If the doors of perception were cleansed every thing would
appear to man as it is, infinite.
-- William Blake

Abstract

Altered states of consciousness exhibit subtle EEG changes that must be observed with carefully chosen methodology and signal processing procedures. Generalized psycho-physiological model of the Self is introduced to point out the possible sources of nervous system excitation that are particularly important in altered states of consciousness. The proposed methodology is based on combination of static (artifact-free EEG) and dynamic analysis to characterize underlying neurophysiological states. We developed open software environment STATE (Spatio-Temporal EEG Alteration Tracing Environment) to support this methodology and provide support for signal processing functions and efficient visualization procedures. Proposed methodology and software environment are used for analysis of brain activities during altered state of consciousness related to the healing process. We present here obtained results and new parameters in quantitative EEG analysis that can be efficiently used to characterize state of consciousness.

Introduction

At the end of 20th century, contemporary science considers itself capable to cope with the ultimate secret of the Nature - consciousness. Philosophers, psychologists, neurophysiologysts, physicist, engineers and other scientists investigate the problem from their own point of view, like shadows on their wall of Plato's cave, but the answer must be one and unique, as the consciousness itself. How can we use EEG, as a crude measure of temporal activity of 1010 neurons, to study such a subtle phenomenon? To paraphrase gestalt psychologist Kurt Goldstein, if consciousness appears on points of contact between organism and environment, then EEG and MEG might be the tools of choice.

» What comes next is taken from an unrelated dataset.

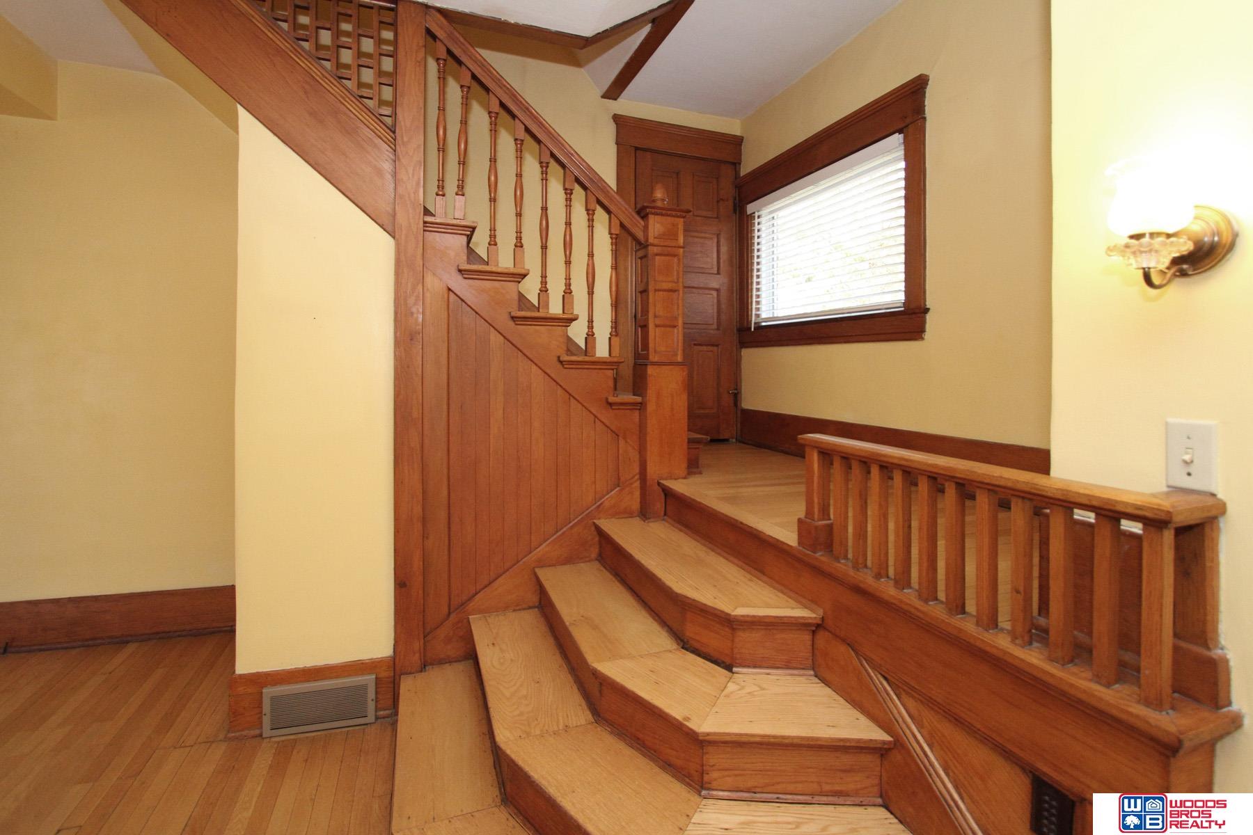 Timeless Charm Awaits you in this historic home, with over 1,700 sq ft, in the Near South neighborhood. It perfectly blends preserved original character with modern convenience. Enjoy the outdoors on a maintenance-free decking wrap-around porch. Inside you'll find a large living room with 9 ft. ceilings and a fireplace, hardwood floors, and original woodwork throughout. The kitchen has been updated with newer appliances. The spacious dining room accesses the porch. Main floor also includes and office and mudroom area. Upstairs offers 3 spacious bedroom and updated bath. A walk-up 3rd floor provides generous storage. Added value comes from new windows on both first and second floors. Basement includes the laundry area and a walk-up exit. The exterior is a solid mix of stone, brick & vinyl. The property is ideally located next to a neighborhood park and features recent landscaping. Call for your tour today!
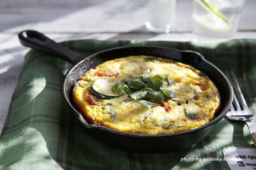 キヌアの食感がたのしいフリッタータ。スキレットでつくってそのまま食卓にだせば、忙しい朝でも手早く用意できる朝ごはんに。※材料は6インチ(15cm)のスキレット1台分です。

Relation between EEG and gross neurophysiological changes in states of consciousness (alertness vs. sleep, sleep phases, coma, epileptic seizures, etc.) is well established and analyzed [1-4]. The situation is somewhat vague for subtle changes, but we believe that every subtle change generates evident physical equivalent (and vice versa). Altered states of consciousness as extreme cases are indispensable in studying nature of consciousness.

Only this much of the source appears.